**To do:** Wherever a picture appears in the data below, omit it, and restate everything else word for word.

**Data records:**
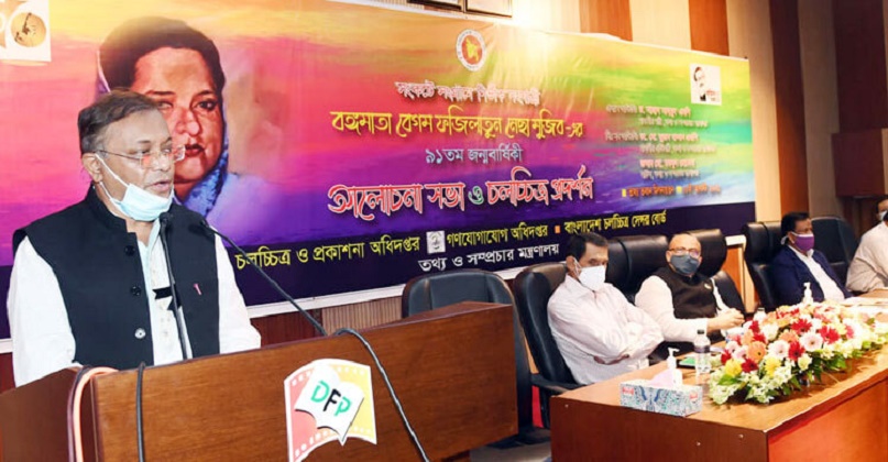 তথ্যমন্ত্রী সন্ধ্যায় রাজধানীর  কাকরাইলে তথ্য ভবন মিলনায়তনে তথ্য মন্ত্রণালয়ের তিন সংস্থা চলচ্চিত্র ও প্রকাশনা অধিদফতর, গণযোগাযোগ অধিদফতর ও চলচ্চিত্র সেন্সর বোর্ড আয়োজিত ‘সংকটে সংগ্রামে নির্ভীক সহযাত্রী বঙ্গমাতা শেখ ফজিলাতুন নেছা মুজিব এর ৯১তম জন্মবার্ষিকী উপলক্ষে আলোচনা সভা ও চলচ্চিত্র প্রদর্শন’ শীর্ষক অনুষ্ঠানে প্রধান অতিথির বক্তৃতায় একথা বলেন।
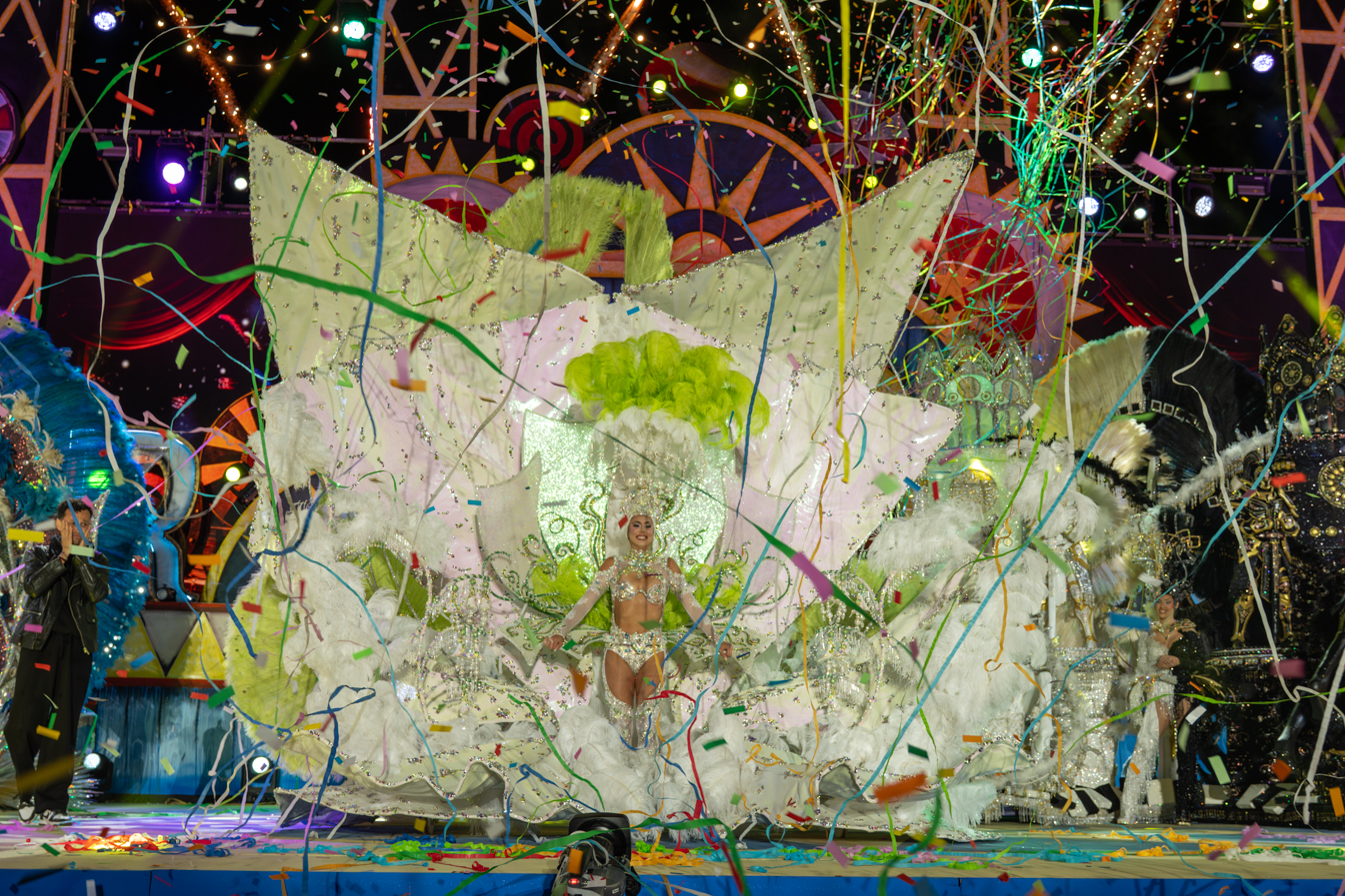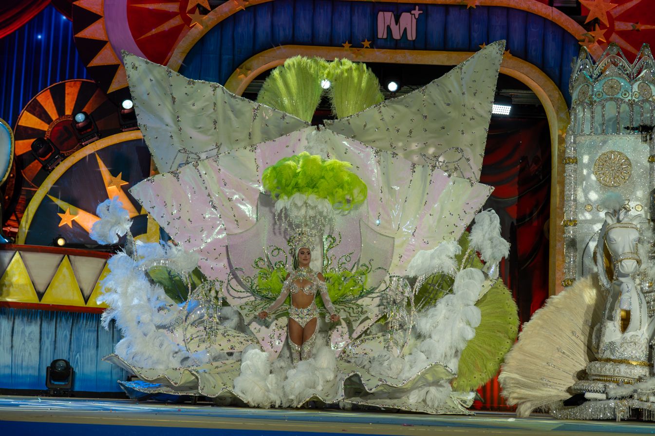 La magia y el color inundaron el escenario de Maspalomas este domingo 15 de marzo en una noche inolvidable donde Estrella Jiménez de Bruin fue proclamada Reina del Carnaval 2026 luciendo la espectacular fantasía “Alquimia”, diseñada por Josué Saavedra Suárez y bajo el patrocinio de Clínicas Doctora Hernández. La nueva soberana cautivó al jurado presidido por la modelo Laura Ojeda.
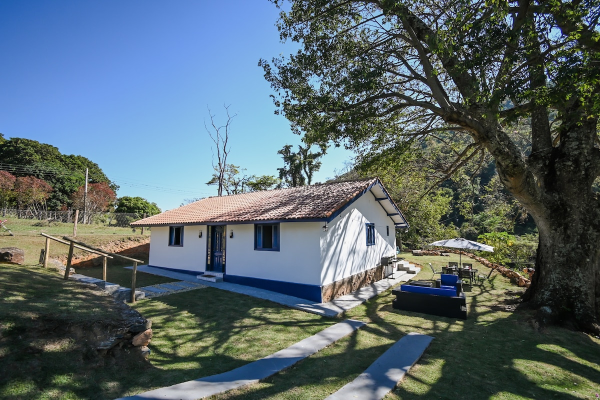 Chalé ecológico e rústico, com lareira e fogueira
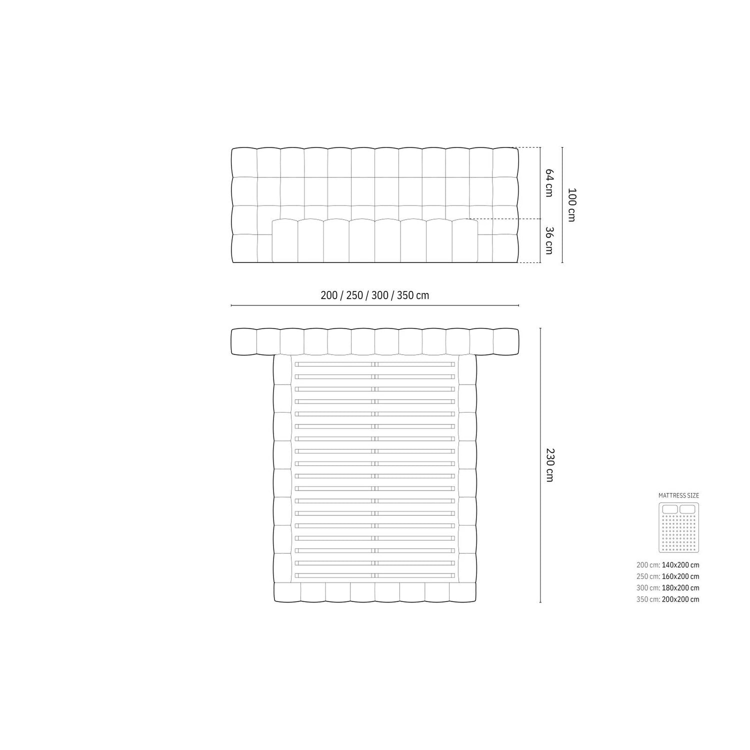 Ihr Schlafzimmer dekorieren? Sehen Sie sich das Bett Mamaia von Micadoni für Matratzen in der Grösse 180x200 cm an, es sorgt für einen erholsamen Schlaf und Stauraum. Die breite Kopfstütze garantiert Komfort. Die sorgfältige Steppung des Bezugs des Bubble Mamaia-Betts macht es zu einem außergewöhnlichen Möbelstück, das jedes Schlafzimmer mit positiver Energie füllt. Ein Blick auf das Bett macht Lust, sich hinzulegen und einen friedlichen Nachtschlaf zu genießen. Dank des weichen Kopfteils können Sie auch vor dem Einschlafen ein Buch lesen oder einen Film ansehen und morgens ein gemütliches Frühstück im Bett genießen. Das Kopfteil passt perfekt zur Größe und zum Steppmuster des Bettes und schafft so einen zusammenhängenden und eleganten Look. Der Bettrahmen bietet viel Platz zur Aufbewahrung von Bettwäsche und anderen Textilien. Der luxuriöse Bezug besteht aus weichem, strapazierfähigem Material, das Modernität und Eleganz ausstrahlt und sich perfekt für den täglichen Gebrauch eignet. Mit verschiedenen Bettbreiten können Sie es leicht an die Größe Ihres Schlafzimmers anpassen. Das Mamaia-Bett ist außerordentlich robust und solide und passt perfekt zu anderen Elementen des Zimmers, wie dem Hocker und dem Sessel. Kasten: Gaslift-Bettkasten mit Frontöffnung Je nach Größe des Produkts kann die Anzahl der Stiche auf dem Kopfteil variieren. Metallrahmen mit elastischen Lamellen
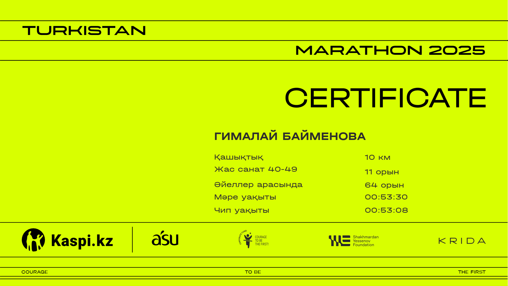 ОрынҚатысушыЕлҚалаНөмір6.25 kmФинишУақыт чипіСертификат

**Exercise output:**
 তথ্যমন্ত্রী সন্ধ্যায় রাজধানীর  কাকরাইলে তথ্য ভবন মিলনায়তনে তথ্য মন্ত্রণালয়ের তিন সংস্থা চলচ্চিত্র ও প্রকাশনা অধিদফতর, গণযোগাযোগ অধিদফতর ও চলচ্চিত্র সেন্সর বোর্ড আয়োজিত ‘সংকটে সংগ্রামে নির্ভীক সহযাত্রী বঙ্গমাতা শেখ ফজিলাতুন নেছা মুজিব এর ৯১তম জন্মবার্ষিকী উপলক্ষে আলোচনা সভা ও চলচ্চিত্র প্রদর্শন’ শীর্ষক অনুষ্ঠানে প্রধান অতিথির বক্তৃতায় একথা বলেন।
 La magia y el color inundaron el escenario de Maspalomas este domingo 15 de marzo en una noche inolvidable donde Estrella Jiménez de Bruin fue proclamada Reina del Carnaval 2026 luciendo la espectacular fantasía “Alquimia”, diseñada por Josué Saavedra Suárez y bajo el patrocinio de Clínicas Doctora Hernández. La nueva soberana cautivó al jurado presidido por la modelo Laura Ojeda.
 Chalé ecológico e rústico, com lareira e fogueira
 Ihr Schlafzimmer dekorieren? Sehen Sie sich das Bett Mamaia von Micadoni für Matratzen in der Grösse 180x200 cm an, es sorgt für einen erholsamen Schlaf und Stauraum. Die breite Kopfstütze garantiert Komfort. Die sorgfältige Steppung des Bezugs des Bubble Mamaia-Betts macht es zu einem außergewöhnlichen Möbelstück, das jedes Schlafzimmer mit positiver Energie füllt. Ein Blick auf das Bett macht Lust, sich hinzulegen und einen friedlichen Nachtschlaf zu genießen. Dank des weichen Kopfteils können Sie auch vor dem Einschlafen ein Buch lesen oder einen Film ansehen und morgens ein gemütliches Frühstück im Bett genießen. Das Kopfteil passt perfekt zur Größe und zum Steppmuster des Bettes und schafft so einen zusammenhängenden und eleganten Look. Der Bettrahmen bietet viel Platz zur Aufbewahrung von Bettwäsche und anderen Textilien. Der luxuriöse Bezug besteht aus weichem, strapazierfähigem Material, das Modernität und Eleganz ausstrahlt und sich perfekt für den täglichen Gebrauch eignet. Mit verschiedenen Bettbreiten können Sie es leicht an die Größe Ihres Schlafzimmers anpassen. Das Mamaia-Bett ist außerordentlich robust und solide und passt perfekt zu anderen Elementen des Zimmers, wie dem Hocker und dem Sessel. Kasten: Gaslift-Bettkasten mit Frontöffnung Je nach Größe des Produkts kann die Anzahl der Stiche auf dem Kopfteil variieren. Metallrahmen mit elastischen Lamellen
 ОрынҚатысушыЕлҚалаНөмір6.25 kmФинишУақыт чипіСертификат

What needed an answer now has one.